For a couple of reasons I'd discourage you against this. First of all, alcohol thins your blood. If your fantasy involved any kind of bleeding at all, or, heaven forbid, something goes wrong and you recieve a deep wound, your blood will not coagulate, and there is a possibility of you bleeding to death.

Secondly, people do not feel/react as much after drinking. If you want your experience to be a memorable one, all of your senses should be alert and primed to go, not sluggish and unresponsive.

Good luck. [:)]


Not to mention, there are a lot of Domme's that won't touch you, if you've been drinking, it would really suck if ya missed out on a fantastic session, because you couldn't play.

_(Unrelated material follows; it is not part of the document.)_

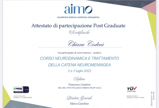 Ho partecipato a diversi corsi post-graduate tra cui “Kinesio Taping Method”, “Clinica Gnatologica e Osteopatica”, “Riabilitazione dei Disordini temporomandibolari”, "Il dolore attraverso una prospettiva biopsicosociale", "Neurodinamica e trattamento della catena neuromeningea".

I hate to say it, but I'm pretty sure that for every Domme who won't touch someone who's been drinking, there's a wanna-be-Do-Me who WILL. Sadly, there's are quite a few who don't fully understand the "Safe and Sane" part of "SSC".




FelinePersuasion -> RE: My 1st bdsm session (11/25/2005 6:03:06 PM)

Mopst places also won't let you in if you;ve been drinking let alone have a domme who'll play with you. It's stupid irresponcible and not a wise thing to do to induce in any drugs before playing. Liqor or other substances




veronicaofML -> RE: My 1st bdsm session (11/25/2005 6:34:41 PM)

Jasmyn;

tried to click Your site...nothing changes...just one front page standing there




mitsu -> RE: My 1st bdsm session (11/27/2005 3:47:23 PM)


quote:

Im nervous about the Pro Domme idea cuz its like... what if She's actually a vanilla girl and She's just doing it for money


I have been in and out of the "business" for 3 years, and I have not met one reputable pro domme who's a "vanilla girl." ;)




Carameldomme -> RE: My 1st bdsm session (11/27/2005 4:01:38 PM)

1- I'd attend a munch (or party) instead of booking a session. you might get lucky and meet someone who can tell you what types of things to expect in general and with particular people. Having a friend in the lifestyle is more important than having that big-ole first experience. Even if you find a great Domme, that first session could leave you confused, disappointed, addicted- who knows. Having someone to talk to about it will help you balance out and be realistic.

2-Also- if you're concerned about finding a 'vanilla' Domme- see someone who you've seen at a party or club. Watch her play, then introduce yourself and let her know what your seeking. Or have that friend you made in number 1 introduce you AT a club.

3- I'm one of the few who think there's nothing wrong with having a drink or two to loosen up before playing. There's a difference between having a buzz, and being drunk. If you know yourself well, and are sure that you can handle yourself just as appropriately and safely- having a couple beers won't harm you.




LadyHibiscus -> RE: My 1st bdsm session (11/27/2005 5:30:58 PM)

quote:

3- I'm one of the few who think there's nothing wrong with having a drink or two to loosen up before playing. There's a difference between having a buzz, and being drunk. If you know yourself well, and are sure that you can handle yourself just as appropriately and safely- having a couple beers won't harm you.


I respectfully disagree. Once a person has experience playing, having *A* beer or glass of wine before a scene is not a big deal. Actually, a friend of mine and I got her sub drunk before a scene once, just for the hell of it. Three very experienced people who knew the body language of the sub.

Alcohol dulls reaction time, and it dulls reactions. Things don't feel the same when you are drunk---and is the first few times you are playing a time to mess with that kind of experimentation? I say no. Save the beer for AFTER the scene, when you will need to hydrate.